Los seguidores de este magnífico escritor de novelas históricas (“La trilogía de Escipión” y “La trilogía de Trajano” ) harían bien en leer esta treintena de pequeños artículos que recrean momentos intensos y curiosos de los autores y los libros esenciales de la literatura universal. La sangre de los libros sigue la senda de otro libro anterior que ya fue reseñado en este blog, La noche en que Frankenstein leyó el Quijote, pero hallamos en él más anécdotas y libertad creadora, en la medida en que tienen cabida ágiles diálogos y perfectas ambientaciones, rasgos, entre otros, que revelan que estamos ante un escritor dotado del don de contar historias. Y eso no es nada fácil.

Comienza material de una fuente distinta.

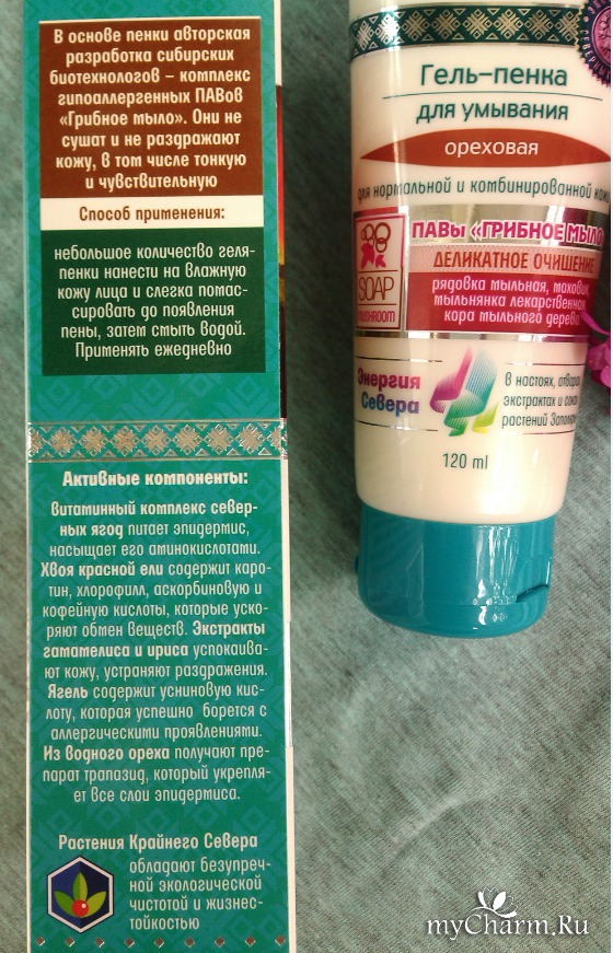 Для умывания, я использую гель-пенку из серии "Энергия севера" ореховая от косметической компании Венец Сибири.
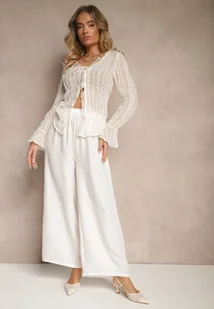 Białe Spodnie Typu Palazzo High Waist o Szerokim Kroju Arathira
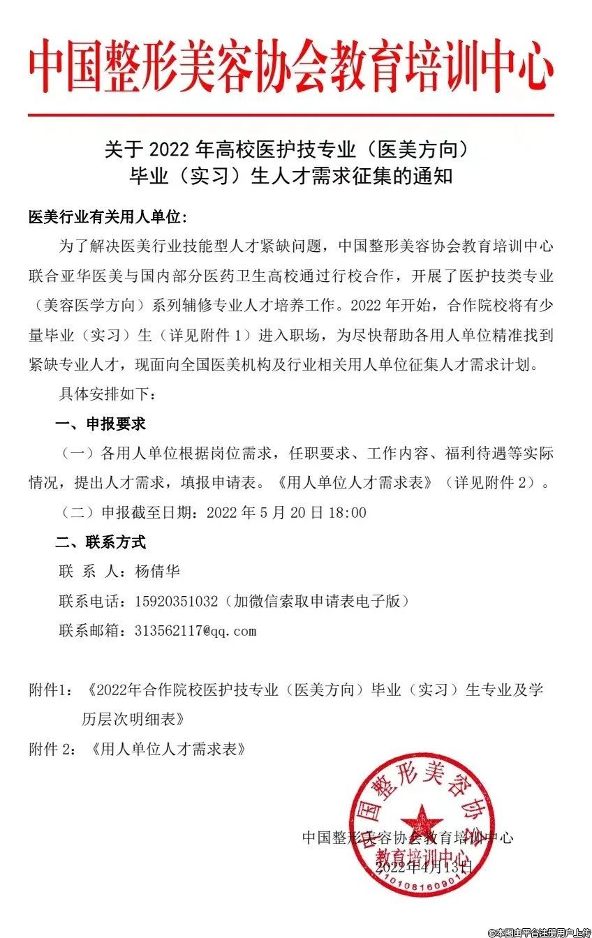 4月13日,中國整形美容協(xié)會(huì)教育培訓(xùn)中心發(fā)布關(guān)于征集2022年高校醫(yī)護(hù)技專業(yè)(醫(yī)美方向)畢業(yè)(實(shí)習(xí))生人才需求計(jì)劃的通知,并公布了此次合作院校醫(yī)護(hù)技專業(yè)(醫(yī)美方向)畢業(yè)(實(shí)習(xí))生及學(xué)歷層次明細(xì)表。
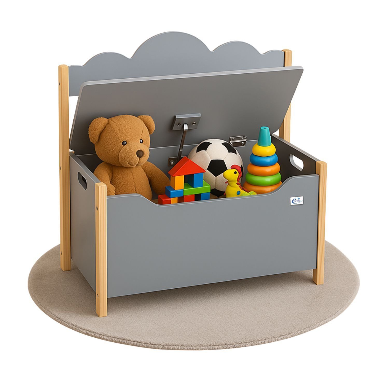 Unter der stabilen Sitzfläche befindet sich eine geräumige Box, in der Spielsachen, Bücher oder Kuscheltiere verschwinden, wenn es schnell ordentlich aussehen soll. Die seitlichen Griffe machen es Kindern leicht, den Deckel selbst zu öffnen. Ein eingebautes Sicherheitsscharnier schützt dabei kleine Finger vor dem Einklemmen. Die niedrige Sitzhöhe ist ideal für Kinder und macht TRUDI zu einem praktischen Begleiter beim Spielen, Lesen oder Schuheanziehen. Was anfangs nur eine praktische Truhe ist, wird bald zu einem festen Bestandteil des Zimmers – ein kleiner Ort, den die Kinder ganz selbstverständlich in ihren Alltag einbeziehen.
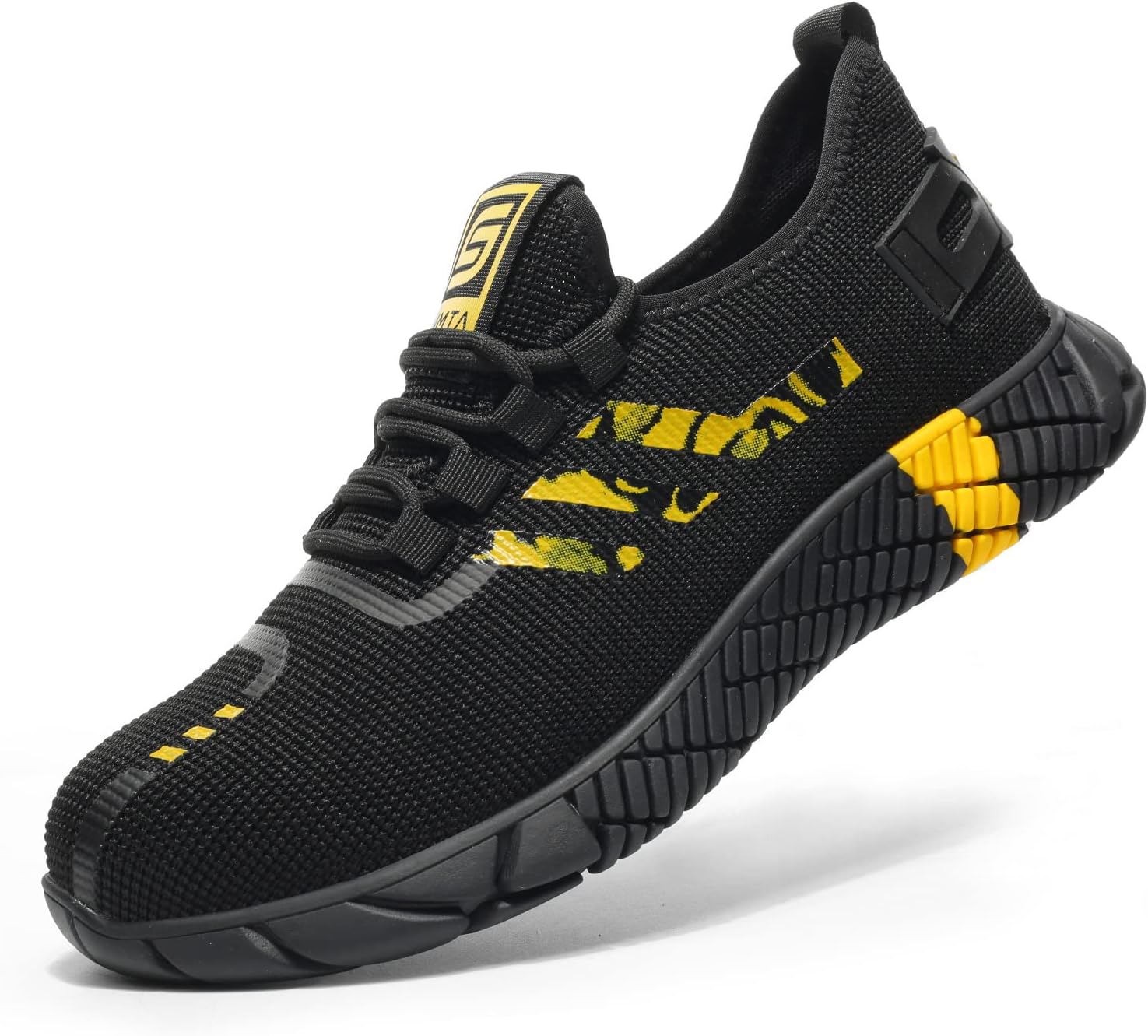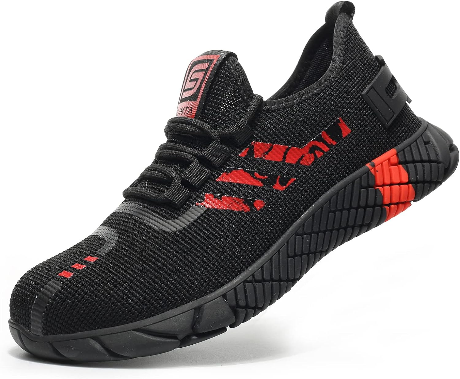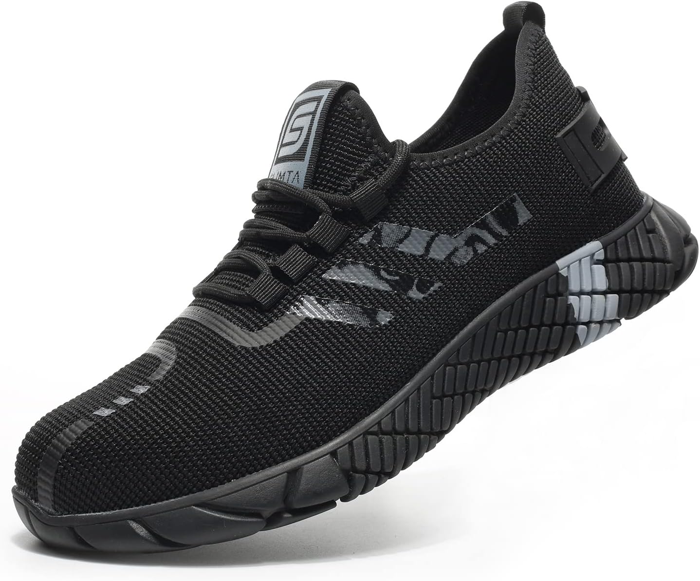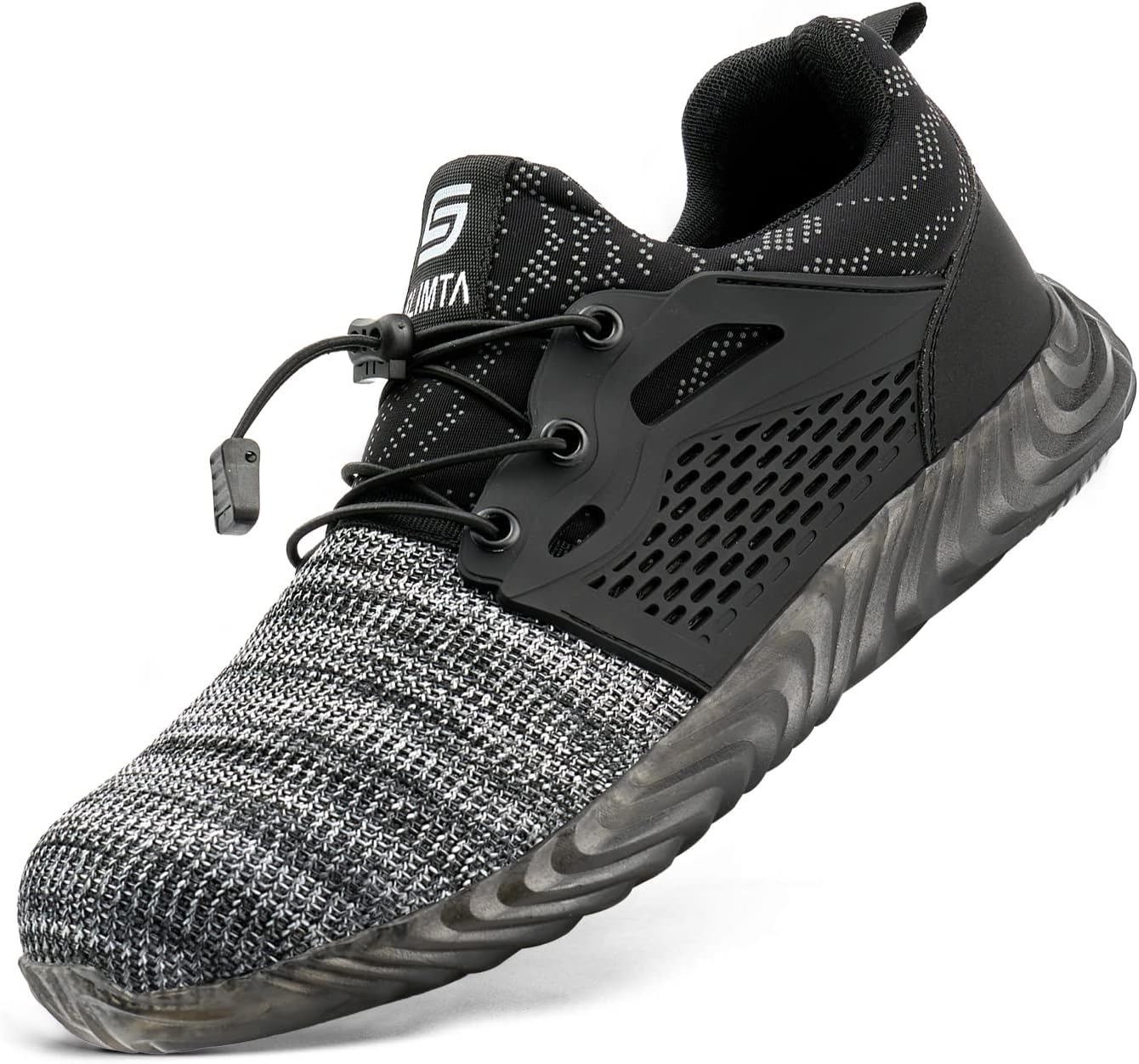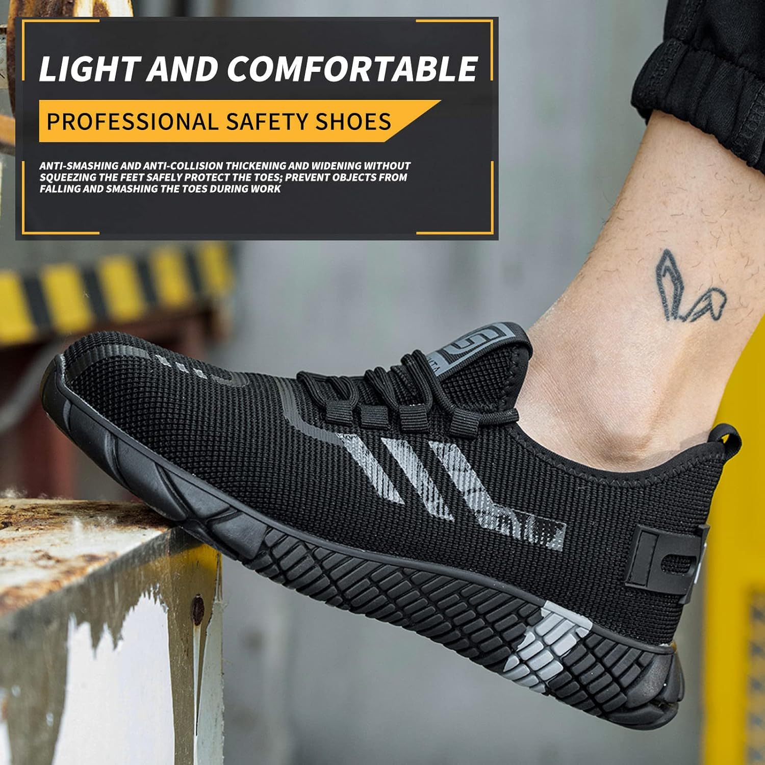 SLIMTA Safety Shoes Men Women Steel Toe Cap Boots Mesh Breathable Lightweight Comfortable Puncture Proof Industrial Factory Work Protective Black Sneakers

      Santiago Posteguillo propone un recorrido a través de la literatura viva, la que ha leído, recomienda y quiere compartir. Ensalza la labor de Petrarca no sólo como poeta sino como “salvador” de documentos básicos de la antigüedad grecorromana; se refiere a la cruenta muerte de Séneca (“como filósofo digo ahora verdades, mientras que antes, como político, mentía muchas veces”); recrea la búsqueda por parte de los hijos de Dante de los cantos finales de la Divina Comedia; se divierte –y se nota– con las peripecias amorosas del osado Lope de Vega–, para quien “la poesía es pintura de los oídos, como la pintura poesía de los ojos”­–; se refiere  también al atrevido Quevedo, quien es capaz, a través de un calambur, de inmortalizar un insulto a la reina consorte Mariana de Austria: “Entre el clavel y la rosa, su Majestad escoja”; vincula las muertes de A. Punskin en un duelo con el suicidio de E. Salgari; narra la muerte de Bécquer y la peculiaridad poética de Emily Dickinson; elogia la labor de Fernando Pessoa y lo sitúa al nivel de Shakespeare al reconocer que los sonetos del portugués no son inferiores a los del autor inglés; y revela curiosidades sobre Robert Graves, Dionisio Ridruejo y Blasco Ibáñez, este último contratado por el Presidente de la República francesa para la creación de una novela –Los cuatro jinetes del Apocalipsis– con la que pretende implicar a los EE.UU. en la primera guerra mundial a favor de Francia.
      Convencido estoy de que queda mucho por hacer para que el libro y la lectura –avasallados por la tiranía de lo audiovisual– alcancen el lugar que requieren en la formación integral de los hombres. Ya decía Pedro Salinas que la mejor forma de contagiar la lectura es poner en contacto a los lectores –a los jóvenes lectores– con los buenos libros. No cabe duda de que el paso del tiempo ha seleccionado unos títulos esenciales, y de que pocos como Santiago Posteguillo sienten vivamente cómo la literatura corre por sus venas.